Drive a 7/8 in. long brad through the edge of each stretcher and into the dowel once you have the dowel extending the right distance

Assembling the Wall Mounted Drying Rack

Step 9: Assemble the Rack

**Looking at the exploded view, you'll note that each end of the rack has three long stretchers and a short stretcher on the inside, and three long stretchers and a short stretcher on the outside.

  • Insert three short dowels through the middle holes of the long inside stretchers (note that the dowels must extend through the holes the 1/2 in. thickness of the stretcher stock)
  • Bore a pilot hole to help keep the stretcher and dowel from splitting
  • Drive a 7/8 in. long brad through the edge of each stretcher and into the dowel once you have the dowel extending the right distance

**When joining these parts, you must make sure that the stretchers are lined-up (parallel) with each other when viewed the long dowel) can be dry assembled to the " H " sub-assemblies. We found that everything tends to stay together better if the assembly is done with the parts on end as shown.

  • Close-up the rack
  • Use a clamp and a couple of pieces of scrap stock to help hold the upper parts together (Photo B)
  • Carefully lay the assembly on the workbench as shown in Photo C.
  • Drill pilot holes for 7/8 in. long brads in each end of the outside stretchers with the rack in the closed position (do one end at a time, first drilling the pilot hole, then driving the brad)

**Do not add a brad to the middle hole of the long stretchers, or to the ends of the two inside short stretchers. A brad in any of these holes will prevent the rack from opening. Because the two inside short stretchers don't have a brad at either end, they may slide out of position a bit if the rack is used a lot. We solved the problem by slipping a small rubber "O-ring" on each end of the dowel before assembly (see detail). You can find "O-rings" in the plumbing section of your hardware store. As another option, you can drive a short brad into the dowel just inside each stretcher.

Step 10: Final Assembly

  • Attach the upper and lower rails to one of the stile/side sub-assemblies. using the screws from the test assembly done earlier
  • Slide the long dowel through the stretcher holes in the rack and into the pivot hole in the side
  • Then add the other stile/side
  • Attach the shelf to complete the assembly.
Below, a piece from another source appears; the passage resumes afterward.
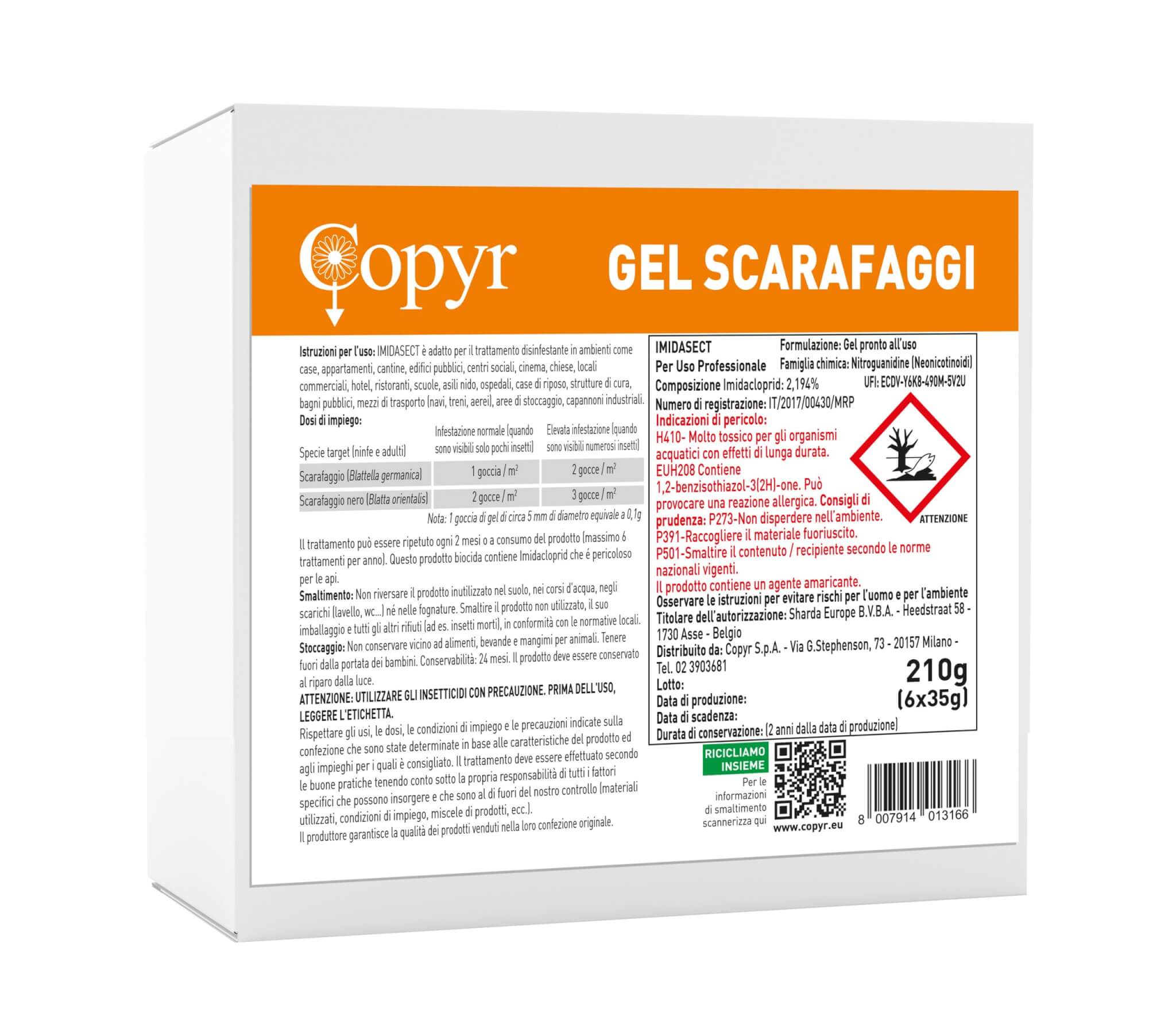 Esca insetticida in gel contro scarafaggi. Per uso professionale.
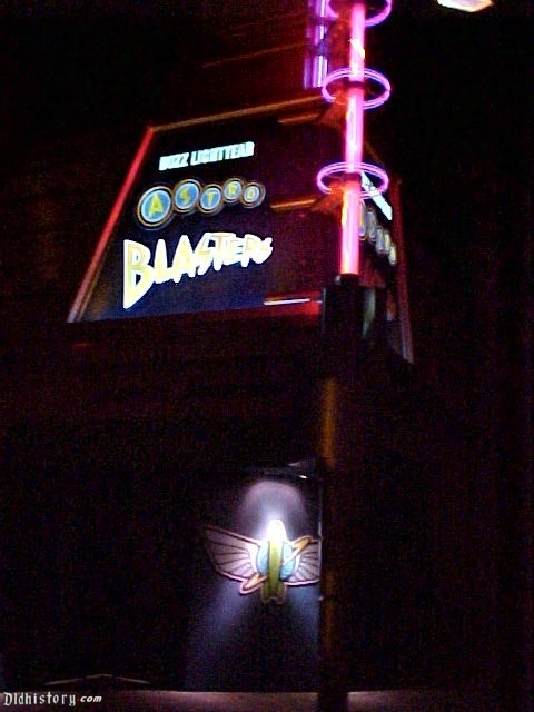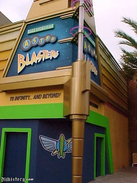 Needing a hit Tomorrowland attraction that would generate some positive buzz after the problematic Rocket Rods expired in 2001 Disneyland designers looked to other Disney theme parks for inspiration. Buzz Lightyear Space Ranger Spin at Walt Disney World and Buzz Lightyear's Astro Blasters at Tokyo Disneyland were already high-flying successes. So the theme for the next installation seemed obvious.In Disneyland the Astroblasters zoomed into the former pre-show and theater rooms of the old Circarama Theater. What was a Mary Blair design tile mosaic on the curving exterior became a painted mural showing speeding rockets floating space mountains and fantastic planets.Inside the attraction features characters and themes from Toy Story all intensified by bright neon colors Buzz himself makes an appearance as a sophisticated audio-animatronic character.

**By the way, the screws provide plenty of strength, so there is no need to add any glue to these joints. And, by not using glue, you'll be better able to make repairs should any part of the rack ever get damaged.

  • Check to see that everything operates smoothly as it's opened and closed with the parts assembled
  • Mount the rack securely to the wall

**Ours is mounted with two screws driven through the upper rail, just under the shelf. They were spaced 16 in. apart so that we could be assured of screwing into two wall studs.